Gravura de Grauben do Monte Lima
...Que felicidade pura e suave. Tudo
nesta tarde estava ameno e leve como a brisa para preparar minha ida
à casa de Grauben. Enfeitei-me um pouco: queria estar bonita,
imitando de longe a natureza desta tarde. E lá fui eu com dois
livros na mão para dedicar à delicadíssima pintora. Depois entendi
que deveria ter levado papoulas, as mais lindas e variadas, e se
pudesse comprava uma borboleta viva para cheirar as flores.
E Grauben? Ela é a esperança dos que
temem a velhice. E o segredo é descobrir em si mesma a possibilidade
de uma ação criativa. Grauben tem 78 anos. Ela é enxutinha,
e tão bonitinha, e mexe-se com gestos hábeis e ágeis, anda com
mais leveza do que muita jovem. E seu rosto? É lindo: uma pele sem
mancha, a saúde se refletindo naqueles olhos alegres, o rosto
cor-de-rosa. Se esta é sua cor, ótimo. Se era um pouquinho de ruge,
melhor ainda. Eu que, mesmo sem motivo, sou um pouco melancólica, vi
que estava rindo e sorrindo e era a mais límpida homenagem à
pintora. Escolhi um quadro que tem tudo da Grauben: um grande pássaro
azul entre águia e pavão, uma enorme borboleta, uma flor toda
aberta, plantas e todos os pontilhados que ela usa como fundo do
quadro e que dão a impressão de uma moita de alegria. Nós duas
queríamos nos conhecer mutuamente. Lamento apenas ter provavelmente
ar de boba, sorrindo à toa. Sua filha Eunice Catunda é concertista.

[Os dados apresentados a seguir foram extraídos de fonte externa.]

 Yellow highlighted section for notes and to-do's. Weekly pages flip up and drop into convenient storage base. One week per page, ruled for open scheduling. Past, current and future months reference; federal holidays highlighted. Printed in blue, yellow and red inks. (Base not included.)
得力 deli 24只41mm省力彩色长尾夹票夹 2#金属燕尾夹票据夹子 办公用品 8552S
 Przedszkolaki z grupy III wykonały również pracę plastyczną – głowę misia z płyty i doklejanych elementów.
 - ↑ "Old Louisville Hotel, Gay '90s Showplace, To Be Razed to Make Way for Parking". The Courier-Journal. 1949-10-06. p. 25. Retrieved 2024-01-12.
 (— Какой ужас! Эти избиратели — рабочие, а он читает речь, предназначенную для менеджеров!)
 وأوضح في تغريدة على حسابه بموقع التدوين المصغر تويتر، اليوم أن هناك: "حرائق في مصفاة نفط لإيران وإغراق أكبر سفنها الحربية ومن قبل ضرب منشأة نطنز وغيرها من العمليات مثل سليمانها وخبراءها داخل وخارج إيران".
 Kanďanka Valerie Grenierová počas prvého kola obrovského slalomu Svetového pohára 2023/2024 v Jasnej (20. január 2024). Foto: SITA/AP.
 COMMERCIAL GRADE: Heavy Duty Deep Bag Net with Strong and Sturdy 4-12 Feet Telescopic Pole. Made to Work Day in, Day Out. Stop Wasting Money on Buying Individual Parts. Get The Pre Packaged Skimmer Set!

Passamos para o seu apartamento ao lado e ela tocou para mim. Toda eu
era um coração batendo de emoção. Os sons que saíam de seus
dedos eram tão puros e sonoros e límpidos. Eu estava séria de
prazer. Eunice já tocou como solista no Carnegie Hall e em setembro
irá de novo se apresentar na mesma sala de concertos onde só os
grandes entram. “Eu me divirto com meus filhos: são tão
inteligentes e capazes. Eunice, por exemplo, além dos concertos por
tantos lugares do mundo, tem jeito para tudo: se faz pintura, faz
ótima, se cozinha a comida é perfeita, ela sabe fazer tudo.”

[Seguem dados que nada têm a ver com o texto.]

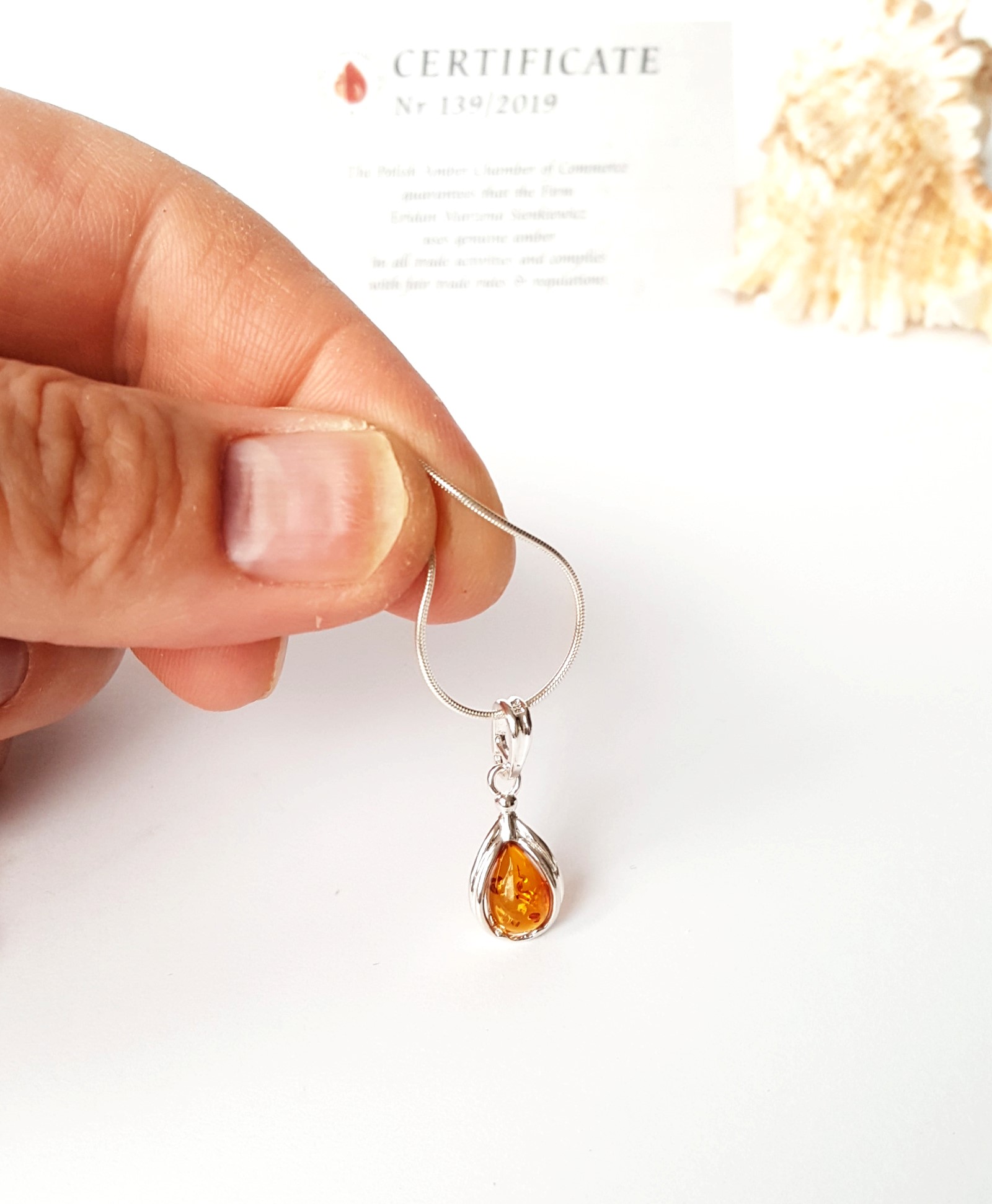 Oferowany WISIOREK srebrny z BURSZTYNEM i z łańcuszkiem jest zupełnie nowy.
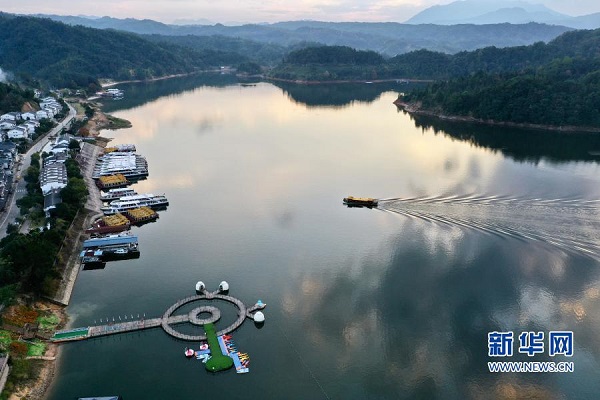 福建省泰寧縣大金湖畔的梅口鄉(xiāng)水際村及游客碼頭(11月19日攝,無人機(jī)照片)。新華社記者 姜克紅 攝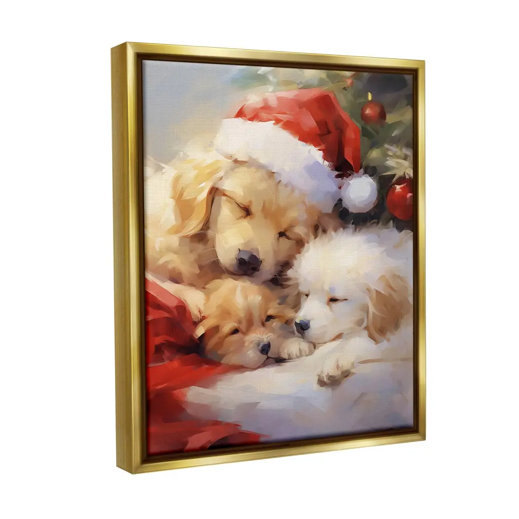 Elevate your home or office to the next level with Stupell Framed Floating Canvas Wall Art. Our premium hand-stretched canvas is mounted securely into a sturdy lightweight frame. The museum-style gap between the wrapped canvas and the box frame gives the illusion of floating artwork. Stupell Wall Art is made in the USA.Features: Dimensions: 17 x 1.7 x 21 Frame, 16 x 1.5 x 20 Canvas ArtFloating Frame Canvas Products are available in sizes 17"x21" and 25"x31". All Floating Frame Canvas Products have a 1.7" Depth.Wall Art is Ready to Hang with Hardware Free Hanging. No Installation required. For Easy Set Up Lean or Layer Artwork on Shelf or Against Wall. Artwork is Permently Fixed into the Frame.Our elevated 1.7" Thick Floating Frame is the perfect complement to our canvas style Wall Art. We use only the highest quality inks in house with industry leading printing solutions. Canvas is hand stretched over a durable wood foundation and then mounted securly into a Modern Box Frame. Made in the USA.Artwork Relates To: Animal, Canine, Dog, Mammal, Pet, Puppy, Golden Retriever, Santa Hat, Tree, Christmas, Holiday, OrnamentDesign by Enrico McGarrigle

Grauben não perde nada deste mundo. Ela é pra frente. Sua
casa de súbito para mim parece um bosque encantado, úmido, denso,
rico com todas as invisíveis folhas verdes e transparentes. E eis-me
agora com uma Grauben em casa. Quem não tem jamais saberá o
que perde. E o preço dos quadros é perfeitamente acessível a um
enorme número de pessoas. Grauben me deu uma fotografia sua
segurando exatamente o meu quadro. E atrás da fotografia –
desculpem, mas a alegria me faz perder por um instante a modéstia
objetiva com que vivo – atrás da fotografia escreveu: “À grande
Clarice, obrigada por conhecê-la, a desde já grande amiga.”
Assinado o nome mais deleitoso entre nossas pintoras: Grauben.